For example C was shared, C++ was evangelized. The difference is the effort put into convincing people to adopt your stuff.
Java for instance was mega evangelized, Sun thought it might reverse their fortunes.
Linux was initially “here you go, hope it works for you” but then it attracted many people who decided to create an ecosystem around it.
Linux, MySQL, PostgreSQL, Apache, Python, most web browsers, and large swaths of server code used across the internet have been "open source projects" for years that were more than people sharing their solution as-is.

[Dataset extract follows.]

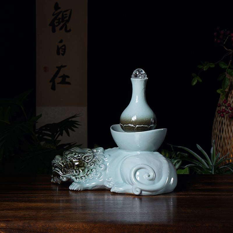 貔貅招财摆件流水循环水风水轮转运球办公室茶桌开业乔迁礼装 饰品

Useful projects have always developed communities.
Some people do try to make open source projects for exposure or resume content, but that's usually orthogonal to the projects that get enough traction to have to worry about maintainers disappearing.
I think you're mixing two different concepts up
If the code is indeed Open Source, with an OSS license, then you can use it as-is, or just learn from it and write-your-own. You might even fold it as-is into your app. Keep the code, but remove the dependence.
Free Software on the other hand is a different animal. The GPL et al is viral. Doing any of the above with GPL software has consequences. Even learning and rewriting is risky- the rewrite better be more than just variable name changes.
If you're old school, and you want to share on a "do what you like, I'm not turning this into my day job" basis, where you want folk to actually benefit, yhen I recommend an OSS license over a Free license.
On the other hand if your target audience are other Free developers, then a Free license makes complete sense. And if you plan to commercialize your project down the road an aggressive Free license (like say AGPL) is a good choice.
Ultimately your choice of license should match your goals.
And if you care about user rights, use a copyleft license to prevent someone from building a proprietary derivative, even if you are not turning it into your day job. Especially if you are not turning it into your day job, a copyfree license is more likely to atract corporate.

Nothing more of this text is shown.